Histological evaluation of skeletal muscle can help to further characterize the muscle lesion. Sections can be prepared from formalin fixed or frozen sections. Formalin fixed sections can be examined for inflammatory infiltrates, necrosis, regeneration, central nuclei (abnormal) and proliferation of connective tissue. Optimal evaluation is achieved by using frozen sections that are prepared for histochemical evaluation. Examination of frozen sections can give further information about muscle fiber type and distribution pattern, differentiation between neurogenic and myogenic atrophy, characterization of inclusion bodies and vacuolar storage material, and assessment of mitochondrial density etc. Preparation and evaluation of frozen sections requires processing by a lab that specializes in muscle histochemistry. If such a lab is nearby a gluteal muscle sample can be obtained using a 6 mm diameter Bergstrom biopsy needle. When overnight shipping is necessary a larger sample of semimembranosus muscle (1/2 inch cube) can be collected and wrapped in saline dampened gauze and shipped overnight chilled to be frozen at arrival the lab. The disadvantage of the latter technique is the healing time required (2 weeks).

Electromyography (EMG)

In normal skeletal muscle, EMG detects little to no spontaneous activity after resolution of the insertion potentials elicited by needle placement, unless there is normal electrical activity from placement of a needle very close to a motor end plate or there is recruitment of motor units (action potentials) from muscle contractions. Animals with abnormalities in the electrical conduction system within muscle or denervation of motor units will show abnormal spontaneous electrical activity including complex repetitive discharges, myotonic discharges and positive sharp waves. Denervated muscle will show spontaneous electrical activity largely characterized by fibrillation potentials and positive sharp waves. EMG therefore confirms the presence and location of neuropathy or myopathy but may not help specifically establish the disorder present beyond diseases with very well defined and specific EMG anomalies such a myotonia. EMG can provides information that can be used to select further diagnostics such as nerve conduction tests or the most suitable site for nerve or muscle biopsy.

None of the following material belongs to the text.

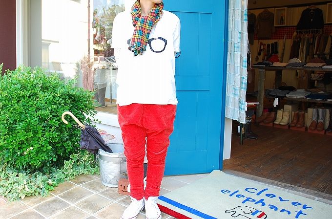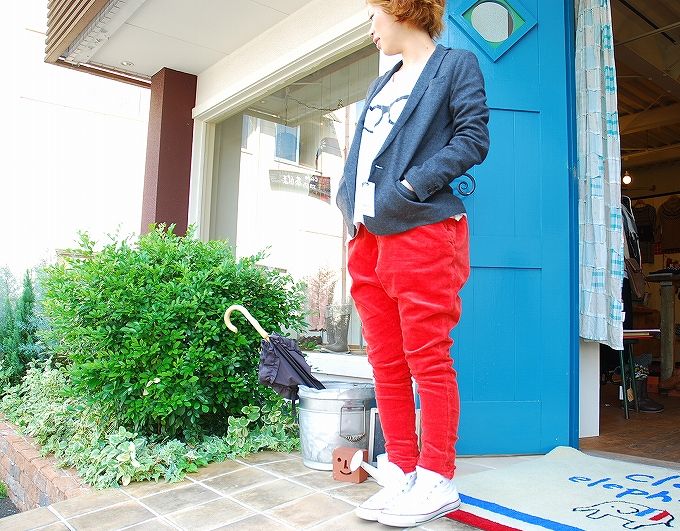 ビビットなコーデュロイ素材のストレッチパンツです♪

Ultrasonography: Useful for identification of muscle trauma, crepitus, fibrosis and atrophy. Normal muscles have a fairly uniform echogenic pattern with echodense bands of fascia running throughout. Contralateral muscle can be used for comparison when a lesion is suspected. Disruption of muscles with acute injury appears as hypoechoic regions in the muscle with loss of normal striation. Hematomas may appear as loculated regions. The muscle becomes more echogenic as it repairs and may develop regions of mineralization.

Thermography and Scintigraphy: Quantitates the amount of heat produced over different areas of the body. Not commonly used but presents a simple means of determining involved muscle groups. Scintigraphy has also been used to document involved muscle groups.